Şirket tüzüğünde rüşvetin belgesi gözümüze sokulurken, 13 Şubat 2019 tarihinde yayınlanan tamimin, o şirketin iliştirilmiş ortağı tarafından siyasi baskıyla yayınlattırıldığını sağır sultan bile biliyor.

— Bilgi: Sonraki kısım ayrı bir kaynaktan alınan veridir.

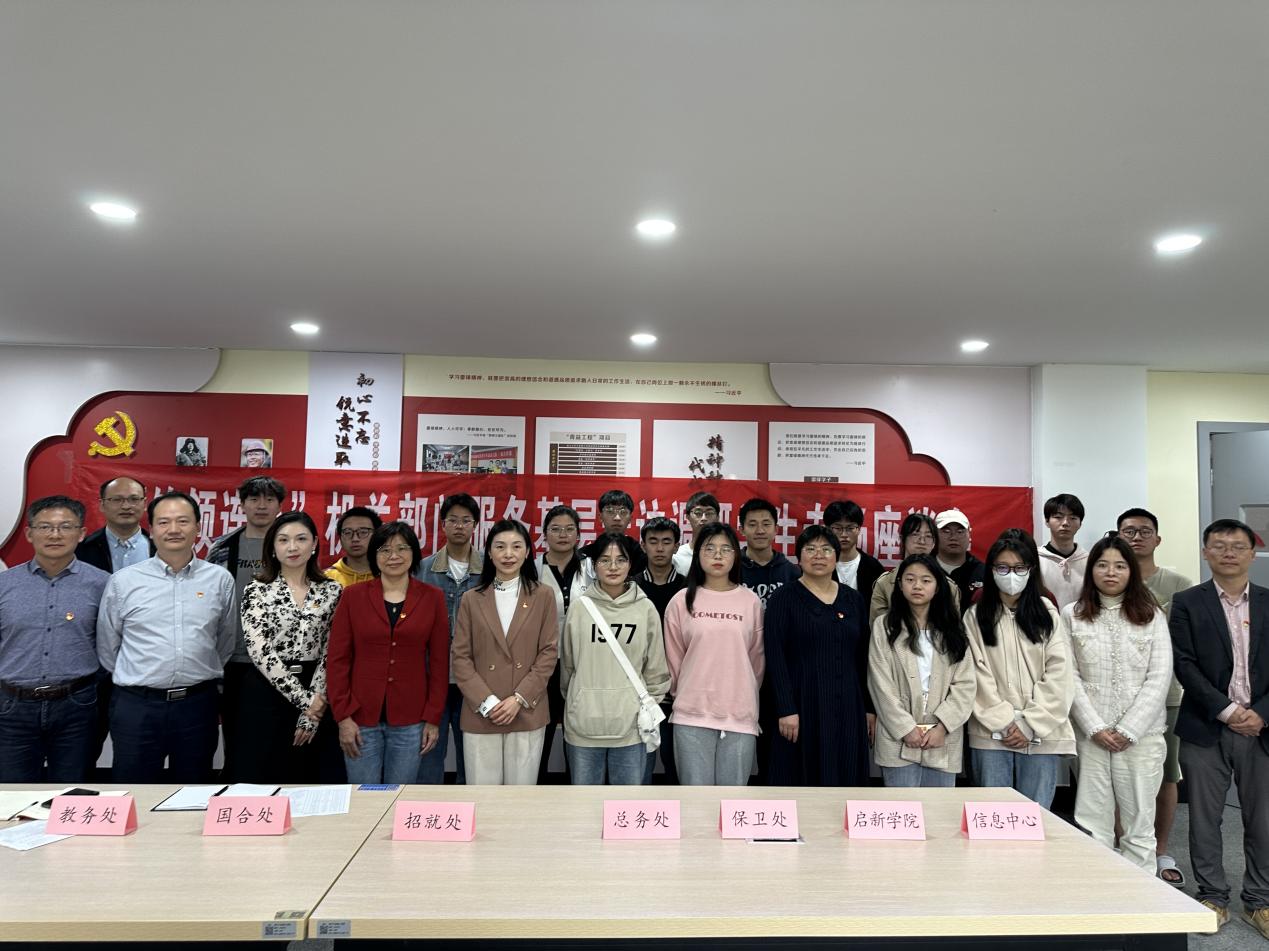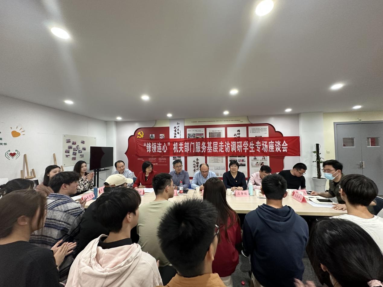 为扎实开展学习贯彻习近平新时代中国特色社会主义思想主题教育,深入开展“大走访大调研大服务大解题”活动,打通机关部门教育管理服务师生“最后一公里”,4月28日下午,宣传部、学工部、教务处、国合处、招就处、总务处、保卫处、启新学院、信息中心等相关职能部门单位主要负责人深入学生生活园区,开展服务学生走访调研座谈会。本次座谈会由机关党委主办,学工部党支部承办,来自全校10个学院的20名学生代表参加座谈会。

Bu olayın kamuoyuna yansımasıyla birlikte tamimde imzası olan Genel Müdürün yerinin değiştirilmesi, kafalarda oluşan soru işaretlerinin cevapları, yavaş yavaş yerine oturmaya başlıyor.
Türk Boğazları konusunda otorite olduğu ifade edilen Ali Kurumahmut'un mimarı olduğu Kılavuzluk ve Römorkör Hizmetleri yönetmeliği nedeniyle, vicdanının rahat olduğunu düşünmüyorum. Eğer Ali Kurumahmut'un vicdanı rahat ise söyleyecek bir sözümüz kalmaz.
"RÜŞVET, GELİR VE HAYIR"
Öte yandan rüşvet, alanında vereninde lanetlendiği bir dinin mensubu olanların, Rüşvet, Hayır ve Gelir kelimelerini aynı cümle içinde kullanmalarını hayretle karşılıyorum.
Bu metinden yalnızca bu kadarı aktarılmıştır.